Any other objects can be named by a fixed variable, whose status
depends on the choice of theory to see it:
- An ordinary variable symbol, usable by expressions which by a binder
can let it range over some notion;
- A new constant symbol, to be added to the language, forming another
theory with a richer language.
The difference vanishes in generic interpretations which turn
constant symbols into variables (whose values define different models).
By similarity to constants which are particular structures (nullary operators),
the concept of variable can be generalized to that of variable structure.
But those beyond nullary operations (ordinary variables) escape the above list
of allowed symbols in expressions. Still some specific kinds of use of variable
structure symbols can be justified as abbreviations (indirect descriptions)
of the use of legitimate expressions. The main case of this is explained below ;
another use (looking similar but actually a meta-variable)
will be involved in 1.10.
Structures defined by expressions
Starting with any theory, one can introduce a kind of symbol of variable
structure (operator or predicate, though a nullary predicate is normally called a
"Boolean" rather than a "structure"), defined by the following data
it means to abbreviate:
- An expression (terms define operators, while formulas define predicates
and Booleans);
- Among its available free variables, a selection of those which will be bound
by this definition in the role of arguments of the intended structure;
the rest of them, which remain free, are called parameters.
Each of its possible values as a structure or a Boolean comes by fixing the values of all
parameters. So, its variation somehow abbreviates those of all parameters.
Any theory can be extended by the construction of a new notion (abstract type)
given as the range of a variable structure defined by a given (fixed)
expression, while its parameters range over all possible combinations of values.
This is our first case of a construction rule (kind of development of a theory).
The full review of construction rules will be done in 4.11.

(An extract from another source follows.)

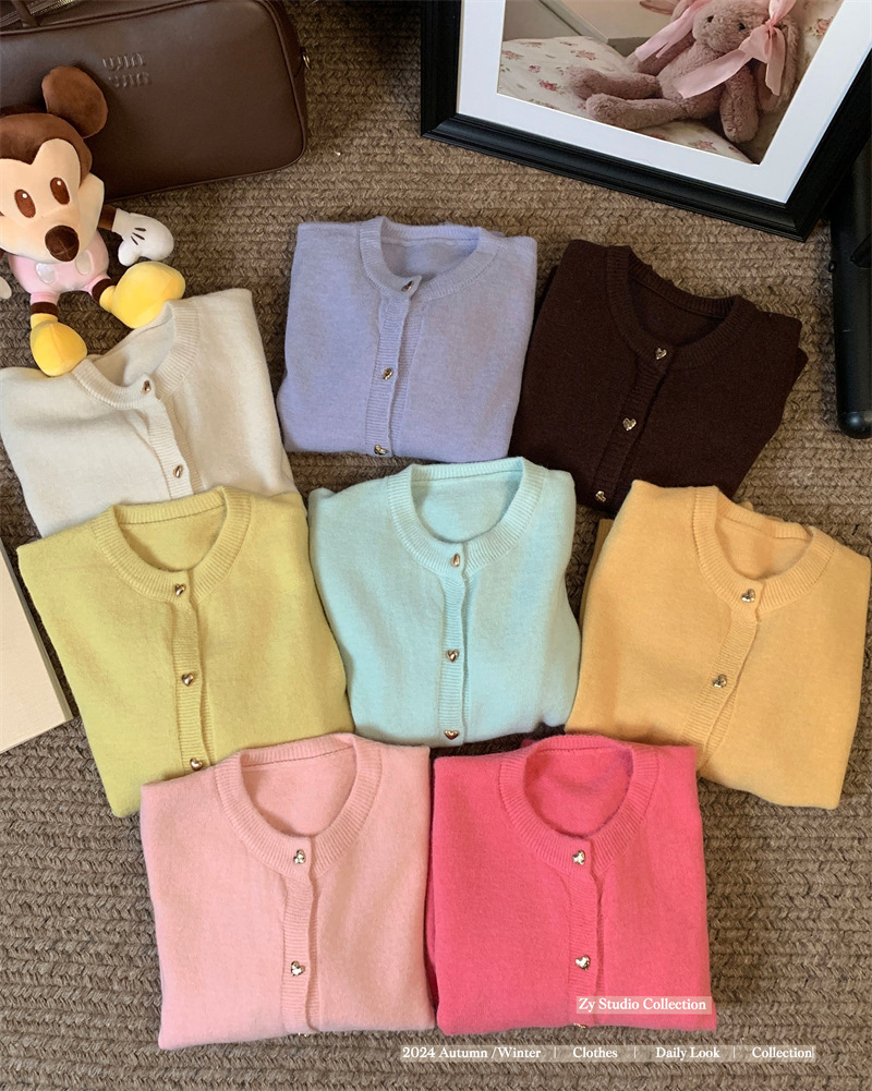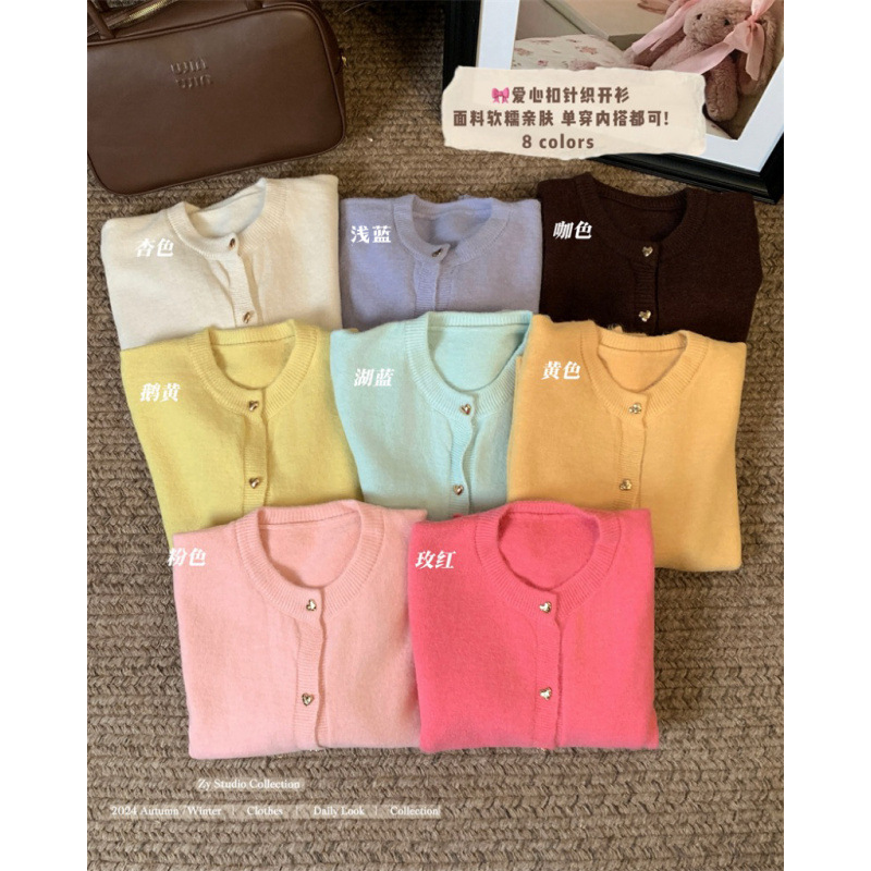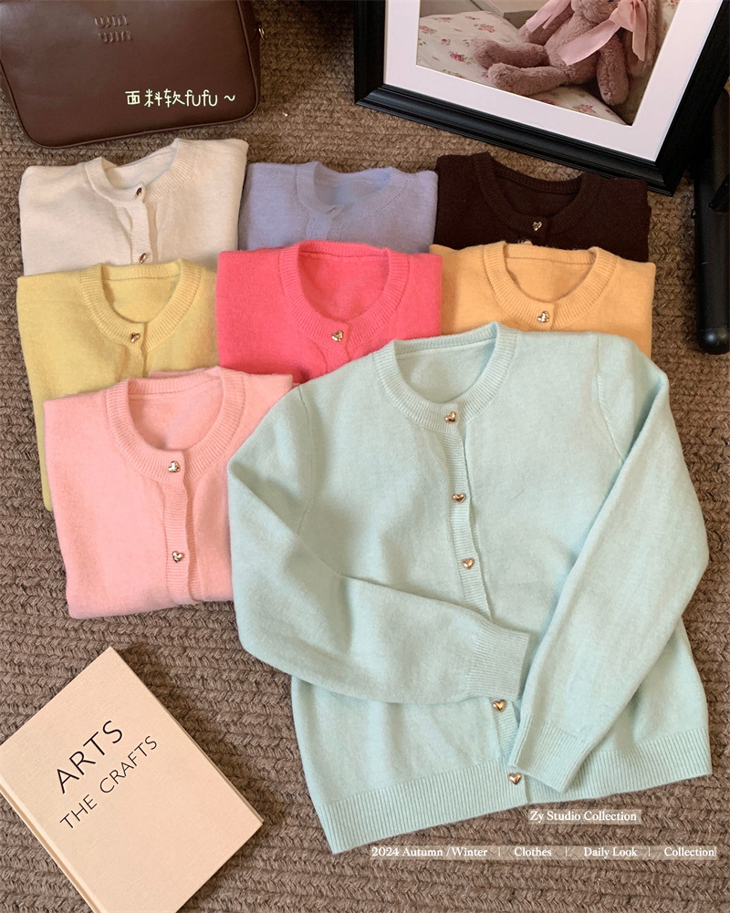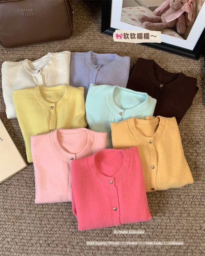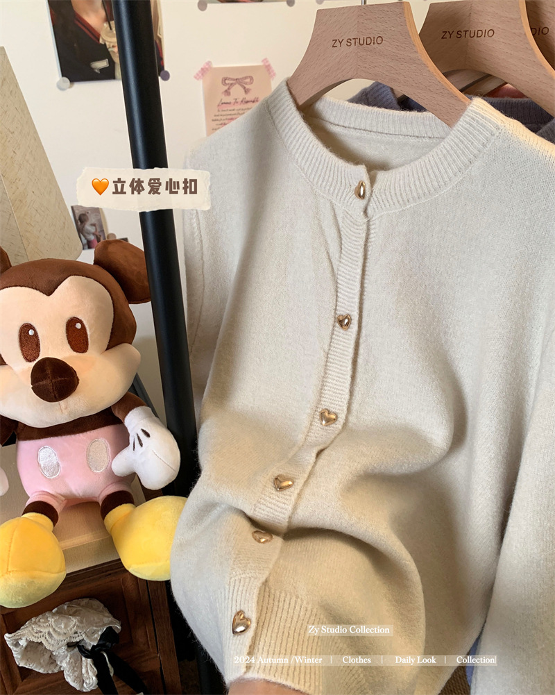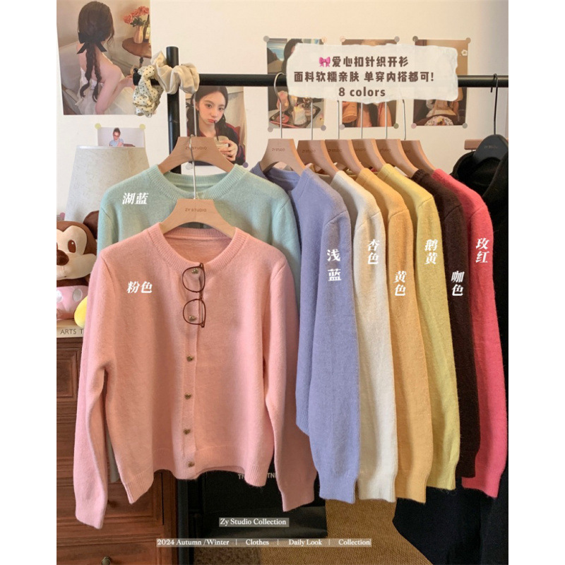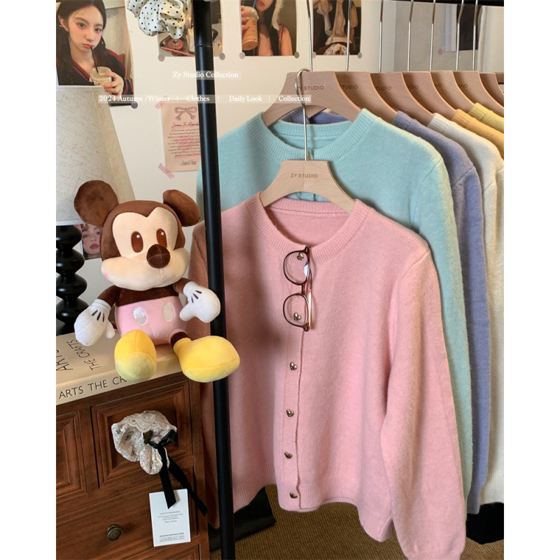 리얼 샷 ~ 한국 사랑 작은 골드 버튼 니트 카디건 가을과 겨울 아름다운 너구리 벨벳 긴팔 스웨터 코트 여성
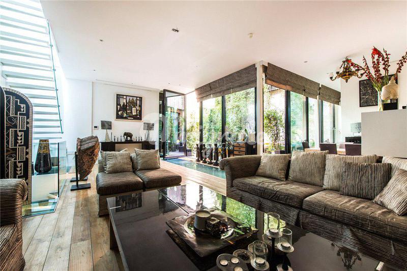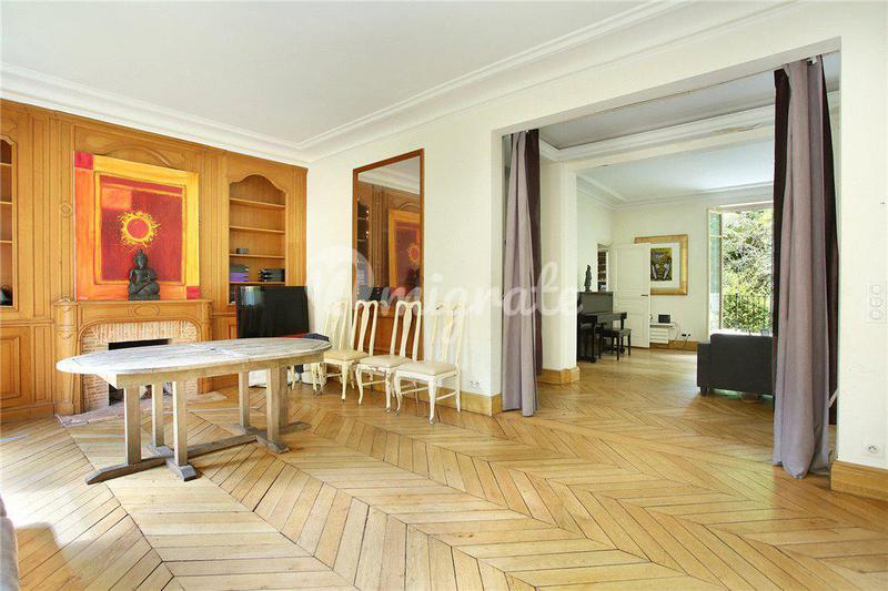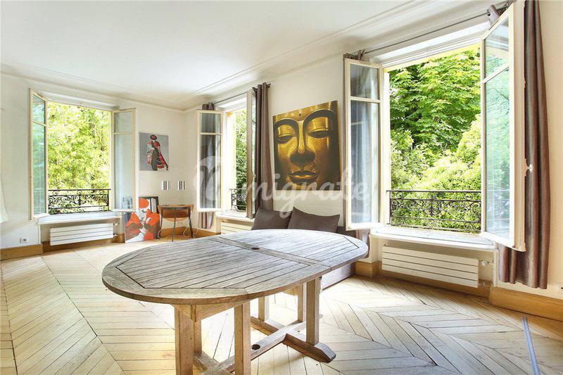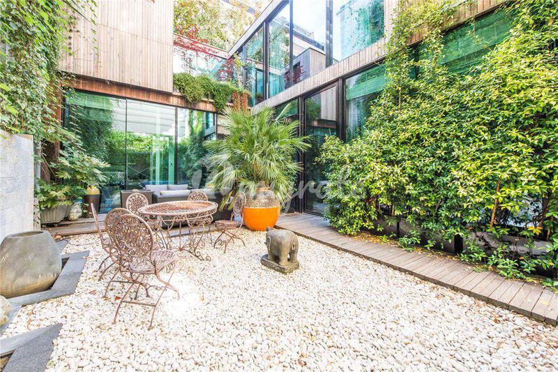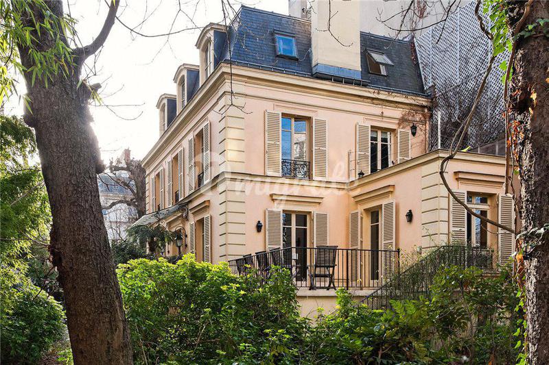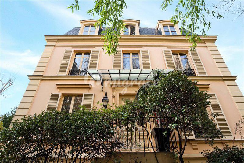 Уникальный дизайнерский дом расположен в квартале Бют-о-Кай в Париже. На участке разбит прекрасный ландшафтный сад. Вилла состоит из 3 этажей. Первый этаж включает просторную гостиную, столовую, кухню

In set theory, any function f is synonymous with the functor defined by the term
f(x) with argument x and parameter f (but the domain of this
functor is Dom f instead of a type).
The terms without argument define simple objects (nullary operators) ; the one made
of a variable of a given type, seen as parameter, suffices to give all objects of its type.
Now let us declare the meta-notion of "structure" in one-model theory,
and thus those of "operator" and "predicate", as having to include at least all those
reachable in this way: defined by any expression with any possible values of
parameters. The minimal version of such a meta-notion can be formalized as a
role given to the range of all combinations of an expression with fixed values of its
parameters. As this involves the infinite set of all expressions, this meta-notion usually
escapes (is inaccessible by) the described theory itself : no fixed expression can suffice
to simulate it. Still when interpreting this in set theory, more operations between
interpreted types (undefinable ones) usually exist in the universe. Among the few
exceptions, the full set theoretical range of a variable structure with all
arguments ranging over finite sets (as interpreted types) with given size
limits, can be reached by one expression whose size depends on these limits.
Invariant structures
An invariant structure of a given system (interpreted language), is a
structure defined from its language without parameters (thus a constant one).
This distinction of invariant structures from other structures, generalizes
the distinction between constants and variables, both to cases of
nonzero arity, and to what can be defined by expressions instead of
directly named in the language. Indeed any structure named by a symbol
in the language is directly defined by it without parameter, and thus invariant.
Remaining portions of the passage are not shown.